Terminada su charla con los periodistas, Clark habló al senador californiano Gwin, explicándole que deseaba visitar al Secretario de Estado.
Los periodistas se superaron a sí mismos, y Washington leyó con avidez todo lo concerniente al pintoresco capitalista californiano, antiguo ladrón de pieles y jefe de los Hombres de Boston, que a la sazón fiscalizaba la producción mundial de pieles de foca. En todo lo que en aquel campo rozaba, sus dedos ponían el mágico contacto de Midas. Era una especie de Aladino personificado, sólo que llevaba sombrero de copa, levita y botas bruñidas. Bastaba que frotase su lámpara o la empuñadura de oro de su bastón para conseguir cuanto deseaba.

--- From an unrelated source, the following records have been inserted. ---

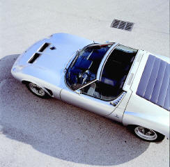 Rappelons que Bertone avait exposé en 68 sur son propre stand au Salon de Bruxelles une étude de style baptisée Miura Roadster (#3498). Elle n'avait ni toit amovible ni capote, et le moteur était à l'air libre, dépourvu de jalousies protectrices: une "voiture de rêve" disait-on à l'époque - et sans intention de production, comme l'indique le communiqué de presse Bertone.
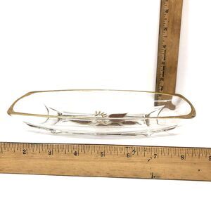 Mid Century Modern Relish Dish with Hand Painted Leaf Design & Gold Rim MCM Designer Georges Briard's Signature Measures 9" x 4"
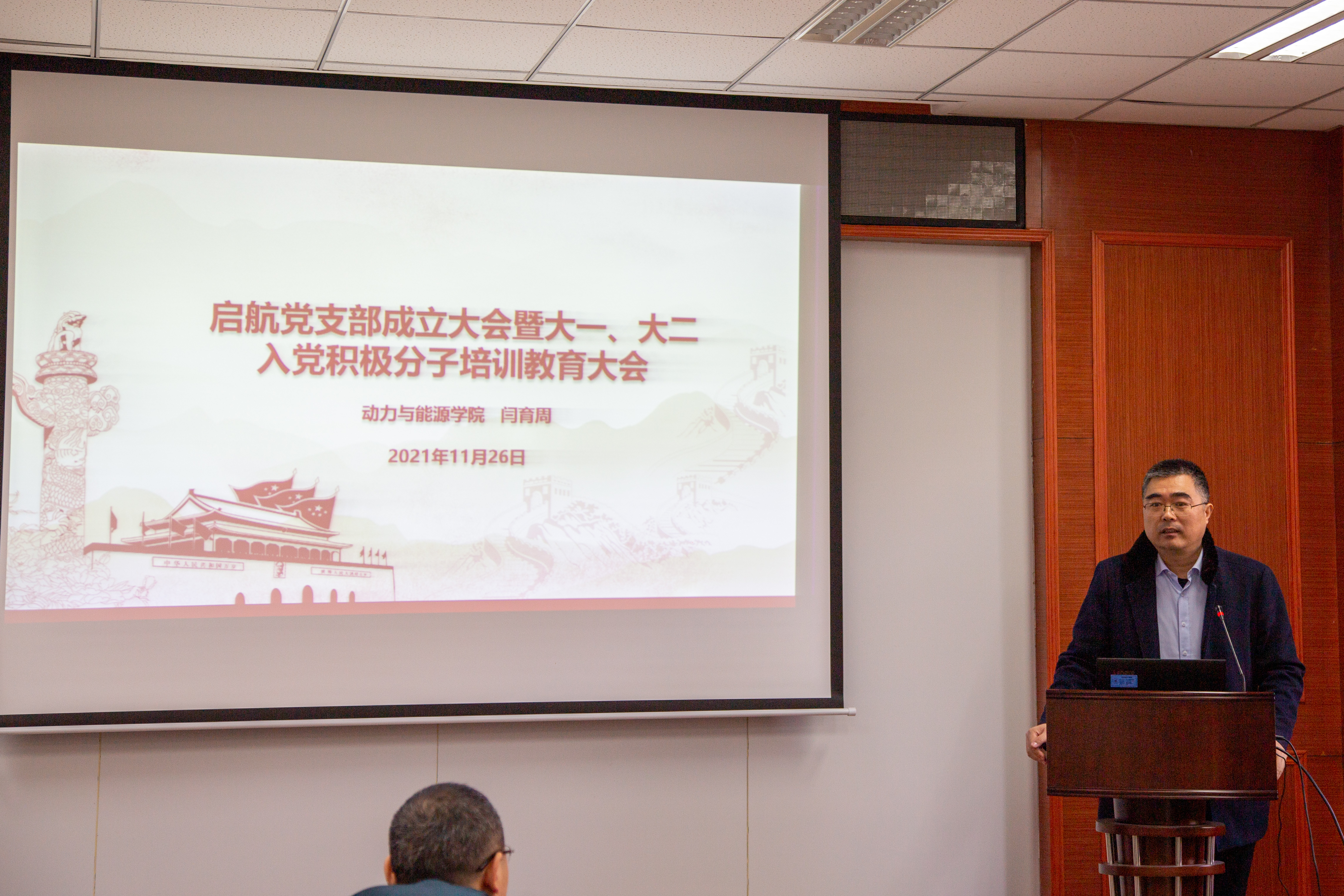 2021年11月26日下午,西北工业大学动力与能源学院“启航党支部成立大会暨大一、大二入党积极分子培训教育大会”于动能学院楼225会议室召开,本次大会由学院党委副书记刘海涌主持,参会人员有党委书记闫育周、启航党支部的老师以及本院20级、21级入党积极分子。
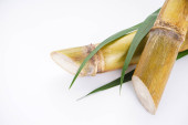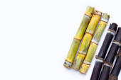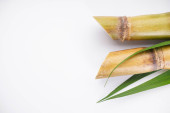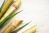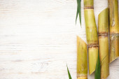 Trzcina cukrowa na szarym tle z miejscem na tekst, płaska leżanka.
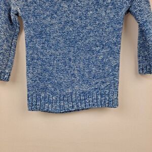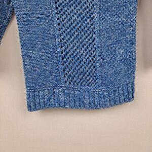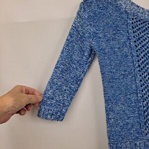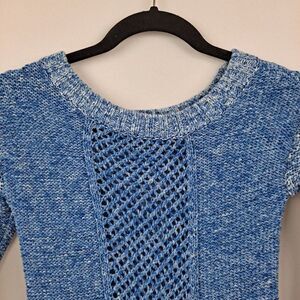 Shades of blue, size medium. Boat neck, open weave front panel, ribbed neckline, bottom and sleeve bottoms. Beautiful! Nice weight. Measures 16" pit to pit, length is 19.5"
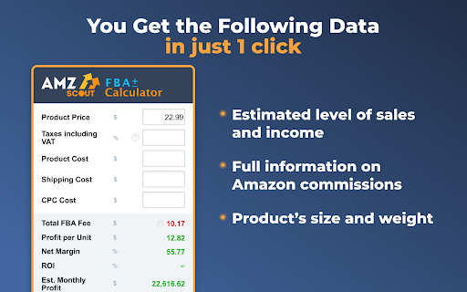 使用者友好的One-click FBA计算器能为您计算亚马逊佣金和总利润。无需输入ASIN,只需在亚马逊网站的产品页面上启动外挂程序即可。 该扩展功能在哪些站点可以使用? -美国 -日本 -英国 -加拿大 -墨西哥 -德国 -西班牙 -法国 -意大利 -印度 -沙特阿拉伯 -阿联酋 -澳大利亚 -巴西 用One-click FBA计算器更快地赚更多钱。 请不要犹豫,通过e-mail与我们联系support@amzscout.net
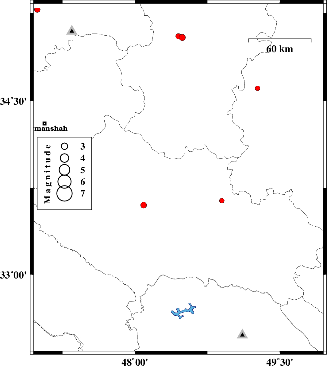 2012/11/20 | 15:19:38.3 | 18:49:38.3 | 34.07 | 46.95 | 14 | ML:2.7 | Kermanshah Province, 29 km South-West of Kermanshah | ||
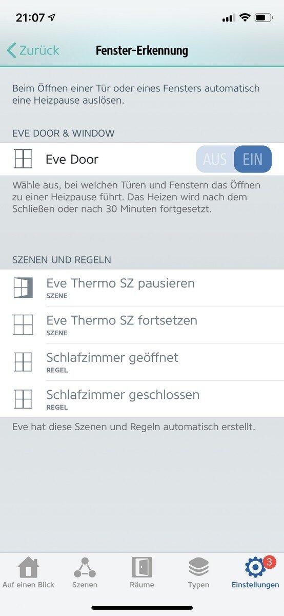 Allerdings führt das Auftauchen aller anderen Homekit-Devices im Netz auch dazu, dass diese zusammen mit den Geräten von Eve in Szenen oder Regeln auftauchen können. Der Eve Heizkörperthermostat und der Fenstersensor können allerdings über die „Einstellungen“ des Thermostats aneinander gekoppelt werden. Ich habe also erstmal die Basiseinstellung genutzt, damit die beiden Geräte miteinander sprechen können.
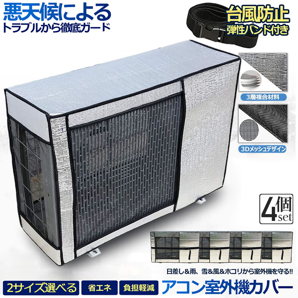 ■エアコン 室外機 カバー 室外機保護カバー 4個セット アルミ箔素材 日 雨 雪 風 ホコリよけ 室外 機を守る 遮熱保護 劣化防止 省エネ 防
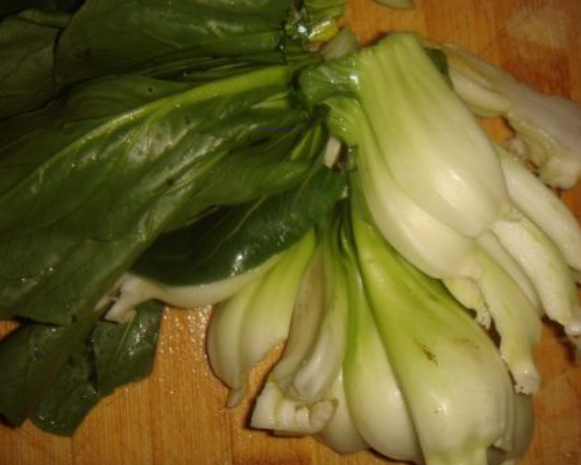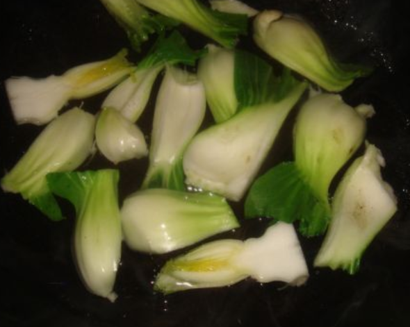 青菜洗干净,并从中间切短;
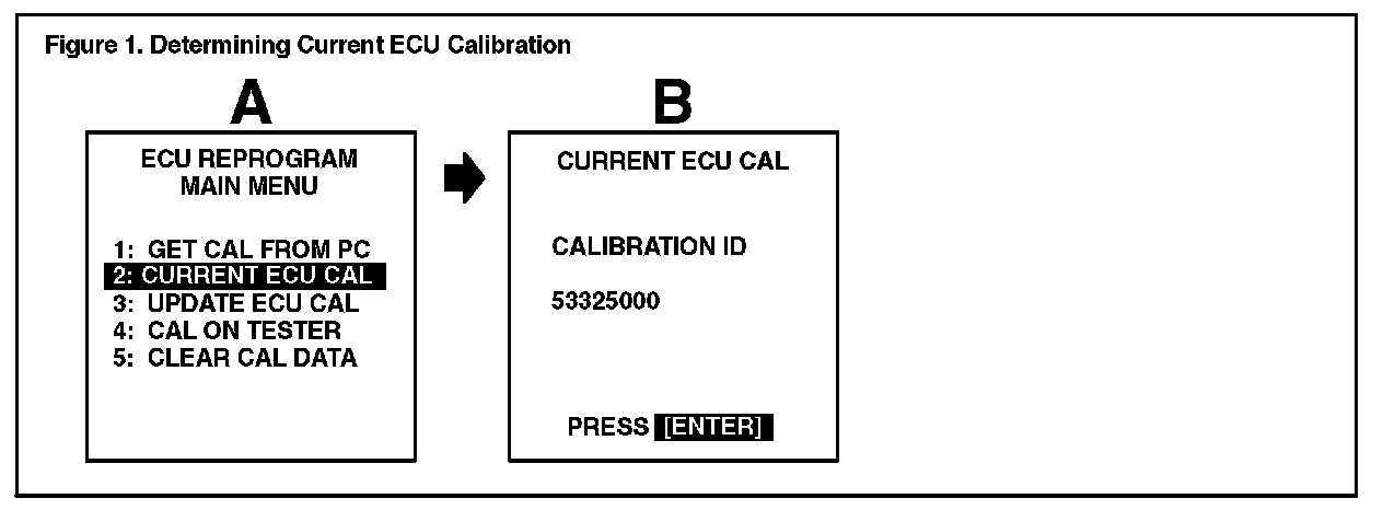 2. Connect the Diagnostic Tester to the vehicle and select CURRENT ECU CAL from the ECU REPROGRAM MAIN MENU. Determine the vehicle's current ECU calibration. (See Figure 1.)
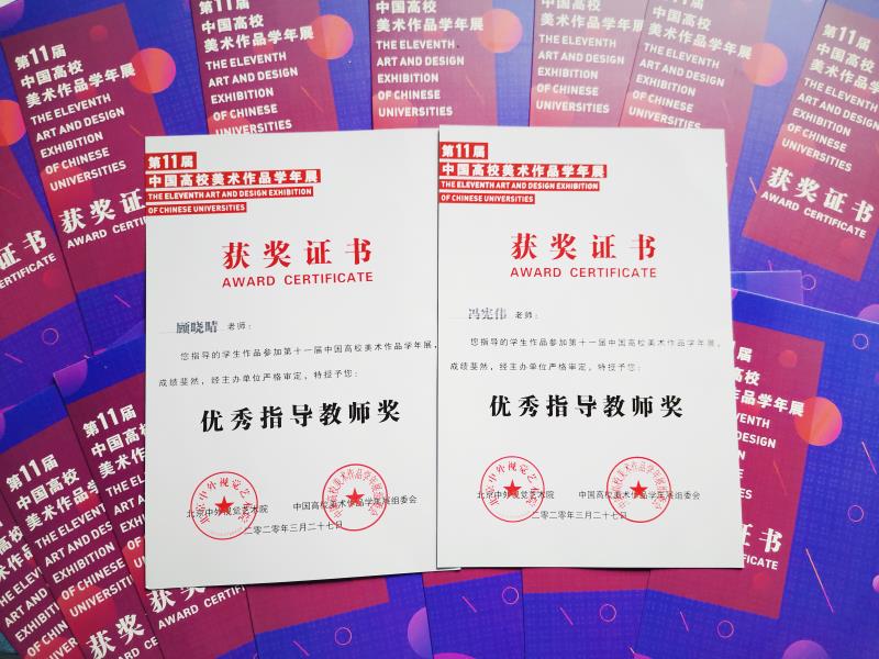 在文化创意学院的组织下,获得多项奖项,顾晓晴老师、冯宪伟老师荣获优秀指导教师奖。其中,冯宪伟老师的作品荣获教师组二等奖;指导的庄武迪、周凡、柳宇、陈梦圆、丁文静等获得优秀作品和入选作品,上述师生的出色表现,为硅湖职业技术学院夺得团体三等奖。

Sus deseos se tornaban hechos.
Aquella era la historia más fascinante de cuantas venían del dorado Oeste. El hecho de que estuviese camino de Europa —posiblemente de San Petersburgo—, indicaba que se proponía, en efecto, adquirir aquellos vastos territorios alaskeños situados al noroeste.
El senador Gwin actuó con prontitud y Clark fue invitado a visitar el departamento de Estado. Sin pérdida de tiempo lo hizo así.
Después de cumplimentarlo por sus espectaculares éxitos el secretario preguntó:
—Me gustaría saber qué motivos impelen a ciertos hombres de negocios a comprar Alaska.
—Hay varias razones, señor. En primer lugar el precio es barato.
—Sus propietarios no lo juzgan así.
—Pues entonces sus informes sobre lo que poseen son muy de segunda mano.
—¿De segunda mano?
Clark asintió.
—Como los de ustedes. Los rusos ocuparon Alaska para aprovechar los criaderos de nutrias marinas y las nutrias ya no existen. Son ciegos a todo lo demás, incluso a cosas que he visto con mis propios ojos. Un zorro ha de conocer su campo mejor que los cazadores. ¿Qué hay en Alaska? Pues hay, por ejemplo, pepitas de oro tan buenas como las de California. Y cuchillos hechos de cobre puro que no se funden ni en un horno. Filones de mineral de hierro y negros yacimientos de carbón. Yo lo he utilizado en mi propia estufa y otros minerales que no conozco se hallan en Alaska.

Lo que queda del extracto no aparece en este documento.